« La mort demeure, quoi qu’il arrive […] », écrivait Jean Cocteau en 1957 dans son ouvrage La corrida du 1er mai. Il y a bien certains illuminés, comme Raymond Kurzweil, qui refusent d’y croire, mais jusqu’à preuve du contraire, les lois biologiques fondamentales finissent toujours par rappeler le vivant à l’ordre. Chez les transhumanistes comme Kuzveil, et d’autres (Peter Thiel, Bryan Johnson, Larry Page, Sergey Brin, Sam Altman ou encore Jeff Bezos), la mort serait un problème médical qu’il serait possible de combattre.
Une posture médicalement fausse, puisque l’accumulation des mutations dans notre ADN nucléaire et mitochondrial finit inévitablement par dépasser la capacité de réparation de nos enzymes. Cette dernière, même si la médecine atteignait son âge d’or en supprimant toutes les maladies, a une limite. Une équipe du Skolkovo Institute of Science and Technology de Moscou, dirigée par le biologiste computationnel Dmitrii Kriukov, a calculé l’âge moyen auquel un être humain l’atteindrait. Leurs travaux ont été publiés le 25 juin dans la revue npj Aging et ils risquent bien de mettre un coup au bide à ceux qui rêvent encore d’être immortels.
L’autodestruction programmée du génome humain
Grâce à des modélisations mathématiques, les chercheurs ont établi qu’il est impossible que nous dépassions la fourchette des 146-194 ans, soit à peu près le double de notre longévité actuelle. Ils l’expliquent par la dynamique de notre ADN et de nos cellules : lorsqu’une cellule se divise, elle duplique l’ensemble de son code génétique avec une fidélité impressionnante, mais jamais parfaite, car le processus implique toujours des erreurs de copie.
Les erreurs qui survivent aux mécanismes de correction de nos enzymes (les mutations somatiques) restent définitivement inscrites dans le code génétique de la cellule. Plus le temps passe, plus ces fautes se multiplient, et plus les tissus perdent leur capacité à fonctionner normalement : un phénomène qu’aucun médicament ou thérapie génique ne pourra contrer.
Individuellement, ces mutations ne provoquent pas nécessairement de pathologies, mais à mesure que les mutations somatiques tendent à augmenter avec l’âge, le risque qu’elles corrompent des séquences génétiques vitales augmente. Une représentation biologique de la loi des grands nombres : sur des décennies, il devient statistiquement inévitable que des gènes indispensables soient touchés, compromettant le fonctionnement de cellules que l’organisme ne sait plus remplacer ni réparer.
L’obstacle des organes irremplaçables
Dans ce cas, pourquoi ne pas imaginer que le plafond puisse se situer à 5 000 ans ? Parce que présenté ainsi, le raisonnement n’explique pas pourquoi le couperet tombe aux alentours des 146-194 ans.
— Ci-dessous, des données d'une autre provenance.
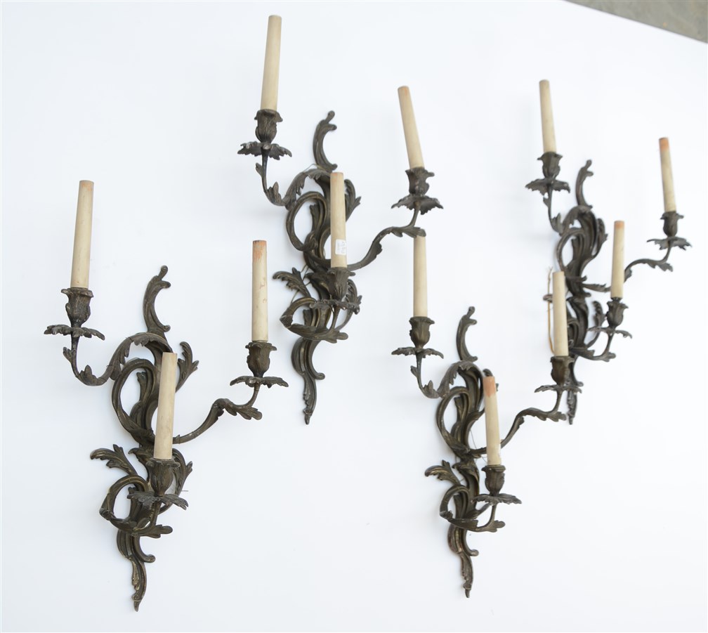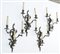 Gruppo di quattro appliques a tre fiamme decorate a ramage (h. cm 50) (difetti)

En réalité, nous possédons deux organes dont les cellules ne se renouvellent que très peu à partir d’un certain âge : le cerveau et le cœur.
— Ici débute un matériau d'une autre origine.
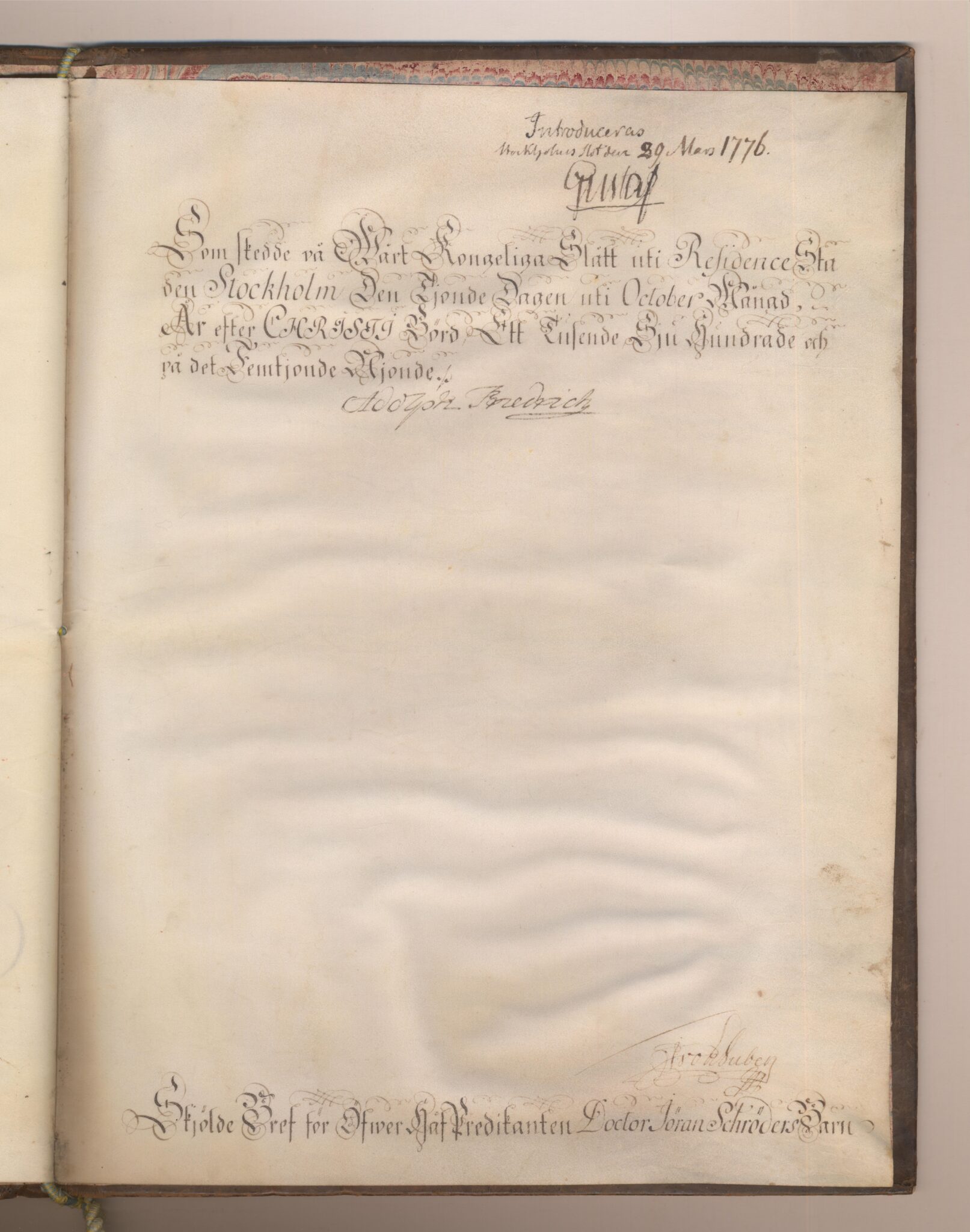 Utnämnd och utfärdat: Adolf Fredrik, Stockholms slott, 1759-10-10.

Au bout d’un siècle et demi de mutations non corrigées, les neurones et les cellules cardiaques, qui n’ont jamais été remplacés depuis le premier jour, finissent criblés de mutations somatiques, et aucun retour en arrière n’est possible. La bonne santé de notre organisme est entièrement dépendante de la leur ; tous les autres pourraient théoriquement se régénérer pendant 2 000 ans, cela n’aurait, par conséquent, strictement aucune importance.
Concernant son calcul, Kriukov explique : « il s’agit d’une estimation mathématique (bien que rigoureuse), et non de données expérimentales », même s’il le considère tout de même comme une première étape vers ce qui serait une « théorie mécaniste complète du vieillissement ». Il faudra certainement encore d’autres études pour déterminer plus finement quels facteurs biologiques pèsent le plus lourd dans le processus du vieillissement. En dépit de ces lacunes, nous connaissons dorénavant ceux qui nous précipitent le plus rapidement vers la fin : l’érosion génétique de notre ADN et le déclin irréversible du cerveau et du cœur. Les milliardaires de la Silicon Valley pourront toujours s’amuser à jouer les cobayes en se transfusant du plasma exogène ou en se gavant de 100 pilules par jour, leur sénescence n’en sera que plus ridicule et beaucoup plus onéreuse.